◆ **GIVEN INFORMATION**:
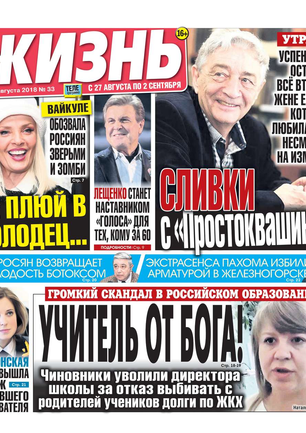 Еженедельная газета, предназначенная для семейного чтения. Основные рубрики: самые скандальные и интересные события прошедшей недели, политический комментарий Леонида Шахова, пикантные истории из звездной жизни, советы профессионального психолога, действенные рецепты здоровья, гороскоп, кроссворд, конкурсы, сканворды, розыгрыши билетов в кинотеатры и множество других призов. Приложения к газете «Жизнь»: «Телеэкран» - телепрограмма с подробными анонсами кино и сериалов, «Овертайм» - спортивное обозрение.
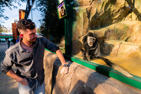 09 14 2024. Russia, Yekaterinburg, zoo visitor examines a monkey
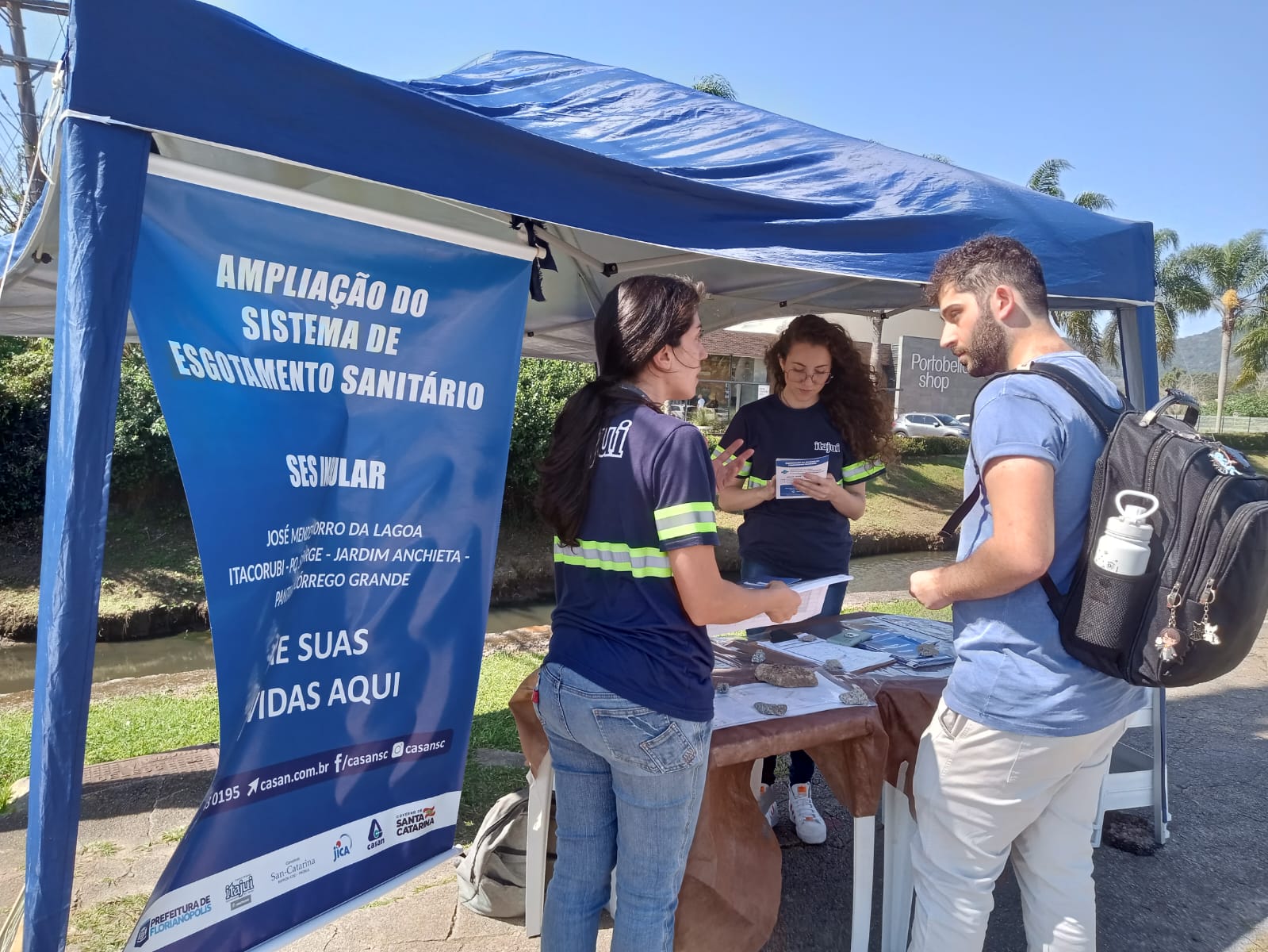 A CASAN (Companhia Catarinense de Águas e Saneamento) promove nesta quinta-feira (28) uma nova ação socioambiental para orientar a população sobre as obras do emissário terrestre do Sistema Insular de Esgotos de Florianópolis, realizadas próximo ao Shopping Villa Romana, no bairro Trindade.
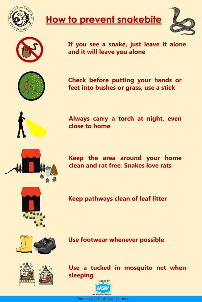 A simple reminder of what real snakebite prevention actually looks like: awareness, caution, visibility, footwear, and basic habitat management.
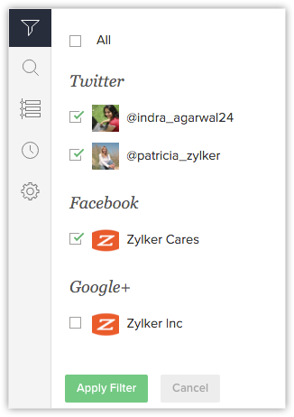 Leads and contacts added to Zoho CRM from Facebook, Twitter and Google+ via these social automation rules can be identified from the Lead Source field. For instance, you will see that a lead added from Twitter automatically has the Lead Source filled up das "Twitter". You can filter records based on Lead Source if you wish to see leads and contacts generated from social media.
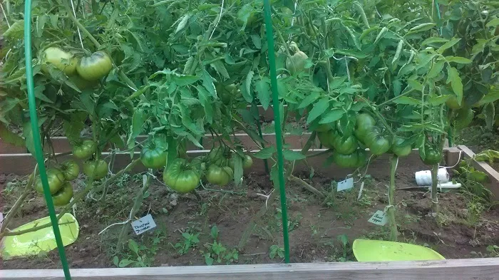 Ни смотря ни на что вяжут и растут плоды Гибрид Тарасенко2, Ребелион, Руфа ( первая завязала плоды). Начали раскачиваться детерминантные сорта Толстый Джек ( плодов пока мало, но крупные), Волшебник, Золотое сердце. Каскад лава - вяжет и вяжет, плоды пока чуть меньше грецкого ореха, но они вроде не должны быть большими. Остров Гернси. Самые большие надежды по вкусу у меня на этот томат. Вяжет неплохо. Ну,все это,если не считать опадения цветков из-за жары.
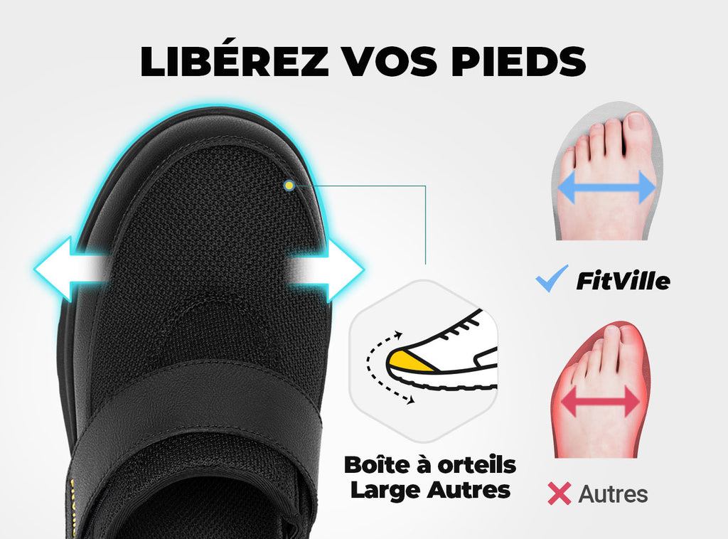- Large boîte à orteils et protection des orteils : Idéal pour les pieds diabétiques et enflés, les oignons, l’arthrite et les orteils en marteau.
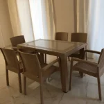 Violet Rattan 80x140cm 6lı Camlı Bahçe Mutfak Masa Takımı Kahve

◆ **EXERCISE**:
The records above, copied word for word without the pictures, are what should be output.

◆ **RESULT**:
 Еженедельная газета, предназначенная для семейного чтения. Основные рубрики: самые скандальные и интересные события прошедшей недели, политический комментарий Леонида Шахова, пикантные истории из звездной жизни, советы профессионального психолога, действенные рецепты здоровья, гороскоп, кроссворд, конкурсы, сканворды, розыгрыши билетов в кинотеатры и множество других призов. Приложения к газете «Жизнь»: «Телеэкран» - телепрограмма с подробными анонсами кино и сериалов, «Овертайм» - спортивное обозрение.
 09 14 2024. Russia, Yekaterinburg, zoo visitor examines a monkey
 A CASAN (Companhia Catarinense de Águas e Saneamento) promove nesta quinta-feira (28) uma nova ação socioambiental para orientar a população sobre as obras do emissário terrestre do Sistema Insular de Esgotos de Florianópolis, realizadas próximo ao Shopping Villa Romana, no bairro Trindade.
 A simple reminder of what real snakebite prevention actually looks like: awareness, caution, visibility, footwear, and basic habitat management.
 Leads and contacts added to Zoho CRM from Facebook, Twitter and Google+ via these social automation rules can be identified from the Lead Source field. For instance, you will see that a lead added from Twitter automatically has the Lead Source filled up das "Twitter". You can filter records based on Lead Source if you wish to see leads and contacts generated from social media.
 Ни смотря ни на что вяжут и растут плоды Гибрид Тарасенко2, Ребелион, Руфа ( первая завязала плоды). Начали раскачиваться детерминантные сорта Толстый Джек ( плодов пока мало, но крупные), Волшебник, Золотое сердце. Каскад лава - вяжет и вяжет, плоды пока чуть меньше грецкого ореха, но они вроде не должны быть большими. Остров Гернси. Самые большие надежды по вкусу у меня на этот томат. Вяжет неплохо. Ну,все это,если не считать опадения цветков из-за жары.
- Large boîte à orteils et protection des orteils : Idéal pour les pieds diabétiques et enflés, les oignons, l’arthrite et les orteils en marteau.
 Violet Rattan 80x140cm 6lı Camlı Bahçe Mutfak Masa Takımı Kahve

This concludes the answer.